Screening Date: 8/2/2009, 12:01 AM
Run Time: 154 minutes (2 hours, 34 minutes)
Director: Quentin Tarantino
Release Date: 1994
Attendance: Weird Dave, Harris Burkhalter, Patrick Griffin, Luke Price, Aaron Ostman, Eric Brooks, Alaina Thole, Alice Ruzin
I think, after 10 years of seeing this movie, I've finally come a conclusion. I don't care for this movie very much at all. I've spoken with multiple people about it from multiple backgrounds, and I've learned some things I didn't know before, some things that I didn't see or didn't realize. But that doesn't make it good in my eyes.
If you haven't seen it ... I'm not going to try to recap. It's essentially a character study, with many many characters having many many conversations about many many things. It has groups of main characters that tie together through varied circumstances, like two hit men (John Travolta and Samuel L. Jackson) making a hit on a target; one of the hit men and his boss' wife (John Travolta and Uma Thurman) enjoying a night on the town and a drug overdose; two robbers (Tim Roth and Amanda Plummer) robbing a diner; a boxer and the boss of the hit men (Bruce Willis and Ving Rhames) rigging an upcoming match; the boxer and his wife/girlfriend (Bruce Willis and Maria de Medeiros) avoiding the hit men boss after betraying him; the boss being raped by rednecks and rescued by the boxer after an uncannily unlucky set of circumstances; the two hit men cleaning up their car with the help The Wolf (Harvey Keitel); and the two hit men meeting the two robbers in the diner as it is being robbed.
As you can read, the movie is very disjointed, with characters thrown about like popcorn at an Ed Wood festival. Each character has their own idiosyncracies that play out in the scenes, and the over ridding theme seems to revolve around morality. The moral choices that face seemingly immoral people, or the immoral choices that moral people choose. After a "miracle" where a man shoots at the two hitmen and misses completely, Samuel L. Jackson has an epiphany and decides that God wanted him to live and decides to give up the glorious hit man life. John Travolta, meanwhile, saves the life of his boss' wife after she ODs on a white powder drug but dies in the home of Bruce Willis after the boxer returns to retrieve his watch. What message does this send?

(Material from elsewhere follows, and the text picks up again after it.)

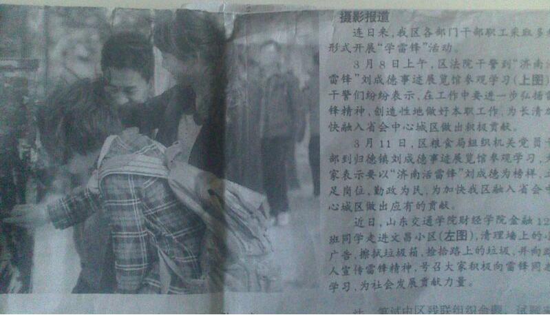 2013年3月5日,为贯彻学习雷锋精神,发扬光荣传统,山东交通学院财经学院金融122班全体同学积极响应学校号召,走到长清的文昌小区,用自己的一份力量去学习雷锋,做好事。

There's a few parts that sum up to little more than overblown cameos for people Tarantino likes, admires, or sleeps with. Christopher Walken plays an released Vietnam POW who hid Bruce Willis' father's watch in his ass for two years. Harvey Keitel plays a cool, collected "specialist" called in when Travolta and Jackson have an accident involving a gun, a bullet, and a head. Tarantino himself plays a role in this scene, and boy is he not a good actor.
There's so much going on in this movie that it's impossible for me to say I hate it. Many of the coversations, especially between the hit men, are filled with interesting lines and good points, but are these gems worth the price of admission? Hard to say, but I think this is a movie everyone needs to see once, which I suppose is the reason it's on the AFI list. At least we're not treated to extended sequences featuring Tarantino's foot fetish, though an ongoing conversation revolves around foot massages.